Changing Our Story
Updated: Oct 19, 2021
In 1762, on a trip to the German town of Hamburg, a young man met a girl and fell in love with her. It wouldn’t have been a particularly unusual event had it not been for the fact that the young suitor was about to become one of the greats in the history of philosophy: Moses Mendelsohn, later called the ‘Socrates of Berlin.’ But it wasn’t the famous name alone that saved this bit of trivia from historical oblivion. Rather, it was a little story.

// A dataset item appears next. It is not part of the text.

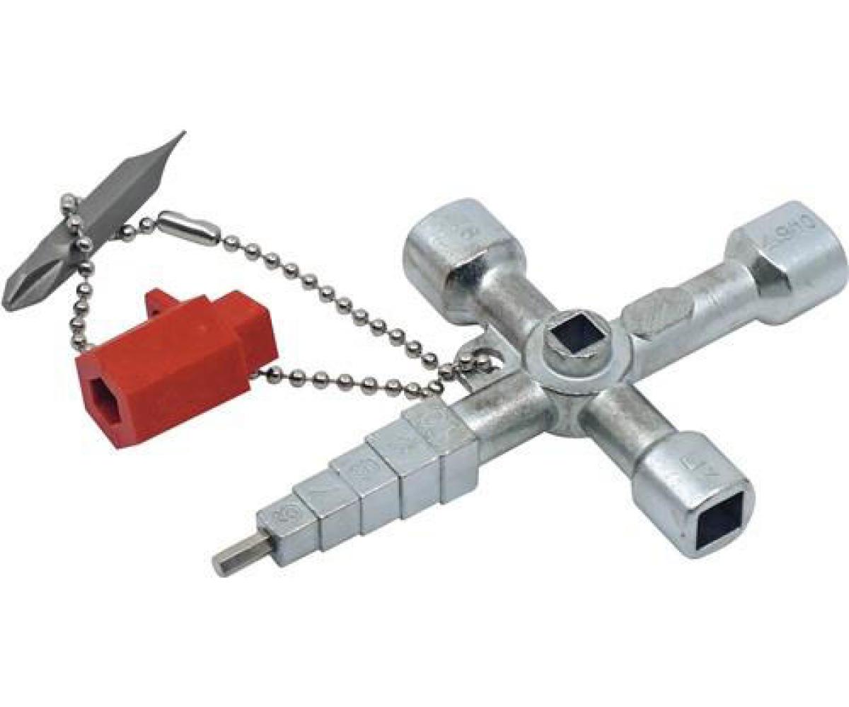 Weitere technische Eigenschaften · Breite: 62mm · Länge: 89mm · Material: Zink-Druckguss · Höhe: 15mm · Schaltschrankschlüssel · 820 M03 13 Funktionen · m.Bitadapter SCHUEBO · Funktionen: 1. stufiger Vierkant 6 - 10 mm 2. Innenvierkant 7 - 8 mm 3. Innendreikant 9 mm 4. Innendreikant 10 mm 5./6. Doppelbit Kreuz PH Gr. 2 / Schlitz 7 mm Kunststoffadapter für Bits 6,3 mm (1/4 ”) Entlüftungsvierkant 5 mm ·

The girl, Fromet Gugenheim, was about ten years Mendelsohn’s junior, of good upbringing and reputedly rather beautiful. Moses had already built quite a reputation for himself, and so Fromet’s father readily agreed to a match. However, when Fromet learned of the proposal, she broke down; whatever this man’s virtues, he was far from an ideal mate. Mendelson was short, misshapen, and ugly. But she agreed to meet with him just the same. “Is it my hump?” he asked her softly. She nodded. Moses quietly reflected for a moment, then looked at her. “Let me tell you a story,” he began, “According to Jewish belief, when a child is born, a proclamation is made in heaven of the name of the person that he or she is to marry; when I was born, it was your name that was announced. But imagine my distress when it was also said that my future wife would be a hunchback! I couldn’t bear the thought of such beauty being disfigured, of her having to suffer such misfortune. And so I pleaded ‘Dear Lord, please spare her and let me have the hump instead. – This is how I got my hunchback.”
The little story opened Fromet’s heart, and the two married the following June. They went on to have six children—founding a dynasty that historians later called “the Rothchilds of culture.”
Now, we all know the power of a good story. After all, stories have been told for as long as humans have existed. From the vibrantly colored hunting scenes of pre-historic caves to the latest Hollywood flick, there was never a time—nor a culture—that didn’t engage in storytelling of some fashion. And from all we know, it seems that we humans are the only ones telling stories. It’s easy to see why anthropologists have begun defining us as storytelling animals. Whatever the evolutionary advantages, one thing is clear: storytelling is an essential part of what makes us human.
The little story of how young Moses won over his future wife is a particularly charming one—and revealing. It demonstrates more than a story’s power to touch, to open hearts, and to change minds. It also shows how even challenging situations can be approached with kindness and grace. At no point did Moses fault the girl for her distress, nor did he try to sugarcoat the truth about its cause. Rather, his tale acknowledged the issue, validated her feelings, and then went on to provide a new framework for them, one that allowed her to see the very same facts in a very different light. What an elegant solution! Just imagine how different our daily challenges would look if we were able to approach them with similar imagination and skill.
Change is possible, yet often it’s not brought about as one might expect, through trying to alter or argue the facts, but instead it comes through building a new context around facts, by framing them differently. Whether we like it or not, our reality is defined by our stories, the stories that shape us and the stories we shape. Rather than following conventional storylines and scripts, it is up to us to claim authorship and shape our own narrative with purpose, understanding, and finesse.